In the beginning, the capabilities of the Parashift Platform were different than they are today
In order to have a universal, horizontal solution that could handle any type of document out-of-the-box, a powerful solution had to be built.
More data fields, please! More document types, please!
Initially, the entire engine was driven by three individual ML models for the following predictions:
- ML model 1: Prediction of all header data, i.e. invoice and order number, invoice and delivery date, and total amount
- ML model 2: Prediction of line items
- ML model 3: Prediction for the sender who sent the invoice
For a quick start, the three ML models delivered good results.

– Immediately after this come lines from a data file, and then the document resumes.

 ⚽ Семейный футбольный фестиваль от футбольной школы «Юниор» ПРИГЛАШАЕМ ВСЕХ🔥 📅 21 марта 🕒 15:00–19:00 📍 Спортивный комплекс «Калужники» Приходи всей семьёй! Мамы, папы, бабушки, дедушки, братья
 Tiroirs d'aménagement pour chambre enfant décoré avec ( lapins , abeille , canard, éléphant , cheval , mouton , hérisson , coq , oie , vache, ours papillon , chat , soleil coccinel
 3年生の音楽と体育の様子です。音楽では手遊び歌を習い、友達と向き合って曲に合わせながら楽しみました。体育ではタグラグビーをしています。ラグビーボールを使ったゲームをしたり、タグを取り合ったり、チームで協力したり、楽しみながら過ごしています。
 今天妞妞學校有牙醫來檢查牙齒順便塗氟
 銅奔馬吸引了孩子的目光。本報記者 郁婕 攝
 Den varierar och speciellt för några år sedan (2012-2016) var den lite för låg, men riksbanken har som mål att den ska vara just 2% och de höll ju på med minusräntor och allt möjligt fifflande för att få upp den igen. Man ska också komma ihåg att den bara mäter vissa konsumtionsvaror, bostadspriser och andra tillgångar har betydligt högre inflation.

However, customers’ requirements for Parashift’s solution gradually became more extensive, including the following problems and requests from customers:
- “We need to extract additional data fields, we also need fields X and Y.”

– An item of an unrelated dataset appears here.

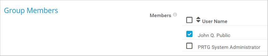 If your Active Directory contains more than 1,000 entries in total, PRTG displays an input field instead of a dropdown menu. This is for performance reasons. In the input field, you can only enter the name of the user group in your Active Directory. PRTG then automatically adds the domain name prefix.

- “We need to extract such and such reference.”
- “We want to extract more specific line items.”
- “We want to extract other document types besides invoices, such as delivery bills and purchase orders.”
- “We need the exact data of document types like delivery bills and purchase orders to make our invoice process work.“
The interest in the principle of “throwing any type of document at a cloud platform and extracting the information from it” was immense.
Big challenge to build a powerful solution
Parashift faced the big challenge of building the right solution. The problem here was that if the same principle had been followed as with the three ML models for each new document type, this would not only have meant building three new ML models for all predictions. At the same time, the training of data fields would also have had to start from scratch. And this for each new document type. The effort would have been enormous and the endeavor would never have been scalable.
ML models not by document type, but by data field
Parashift came up with the idea of sharing and overlaying as much data as possible (but never the actual data, of course) to create and train ML models not by document type, but rather by field unit. Swarm learning technology was born.
With this breakthrough methodology, an invoice date, for example, can be trained and then reused in any other, arbitrary document type. So, for example, if a supplier receives a letter from a customer complaining about their invoice, they can simply use the pre-trained field and automatically extract the invoice number from the letter.
A universal, horizontal solution for all document types
Thanks to Swarm Learning and the powerful, AI technologies behind it, new document types can be started quickly, document types can be changed easily and new fields can be added. Quite simply and with just a few clicks. And not just with invoices, as was the case at the beginning, but with any type of document.